What you return must match the listing below character for character, minus any pictures.

SOURCE DATA: Begin

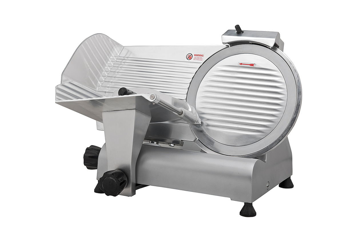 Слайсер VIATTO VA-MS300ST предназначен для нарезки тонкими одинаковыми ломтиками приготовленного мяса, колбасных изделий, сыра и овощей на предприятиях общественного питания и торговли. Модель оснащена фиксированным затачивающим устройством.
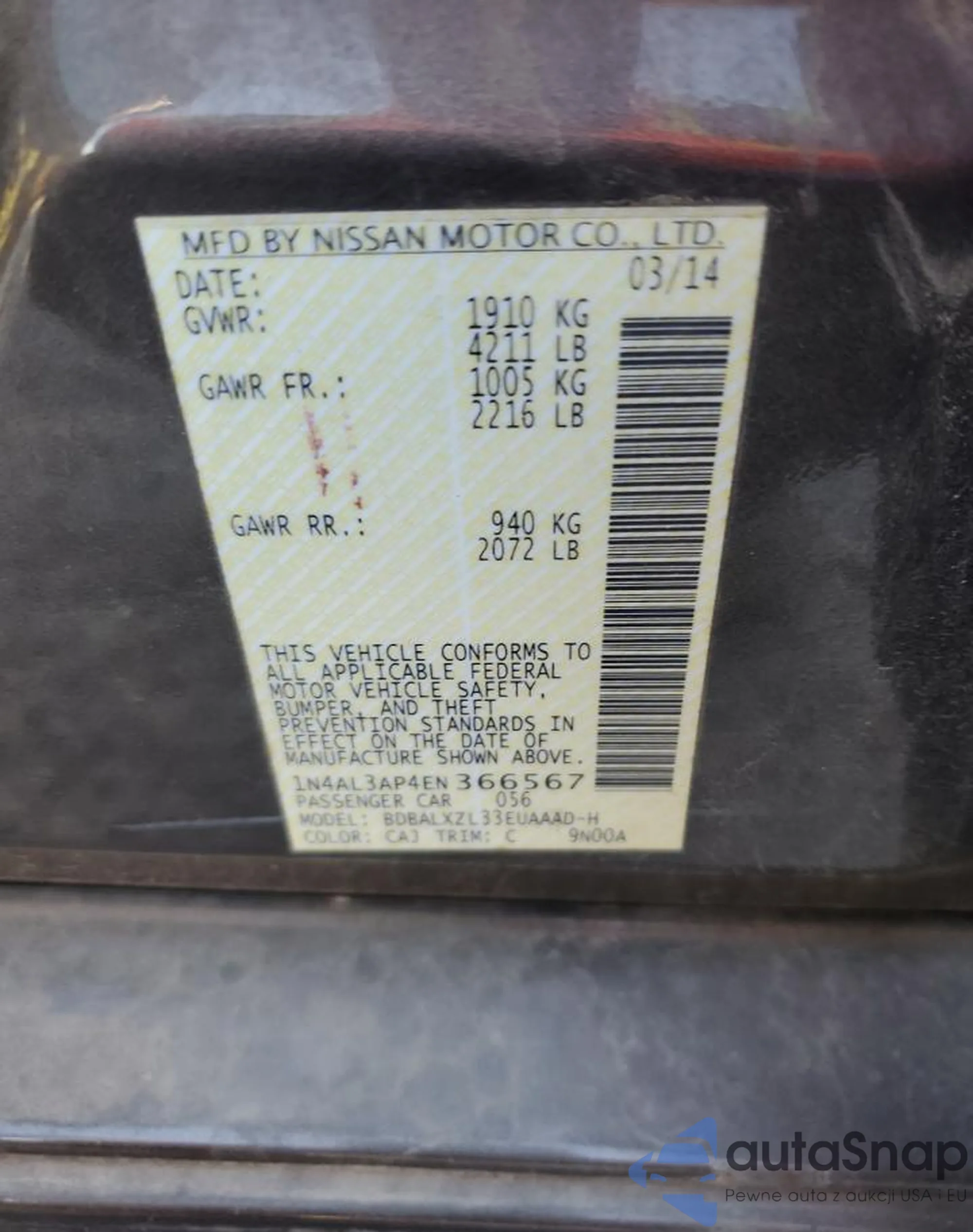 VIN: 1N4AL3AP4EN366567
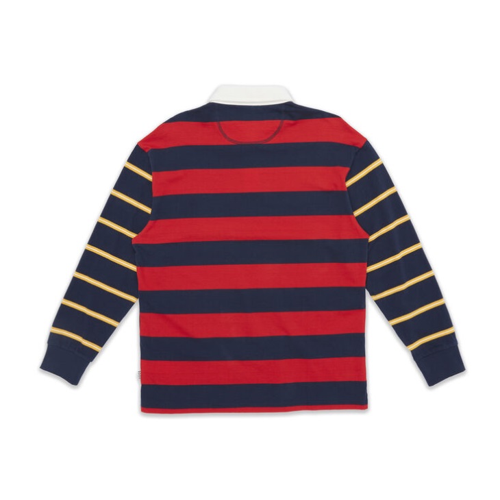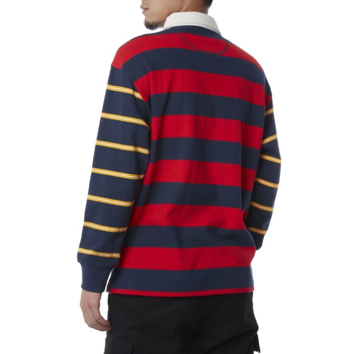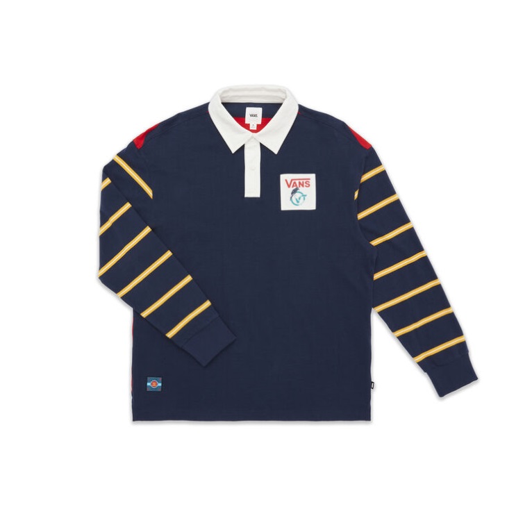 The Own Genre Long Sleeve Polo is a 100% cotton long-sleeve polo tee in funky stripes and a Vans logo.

SOURCE DATA: End

**RESULT OF THIS EXERCISE**
 Слайсер VIATTO VA-MS300ST предназначен для нарезки тонкими одинаковыми ломтиками приготовленного мяса, колбасных изделий, сыра и овощей на предприятиях общественного питания и торговли. Модель оснащена фиксированным затачивающим устройством.
 VIN: 1N4AL3AP4EN366567
 The Own Genre Long Sleeve Polo is a 100% cotton long-sleeve polo tee in funky stripes and a Vans logo.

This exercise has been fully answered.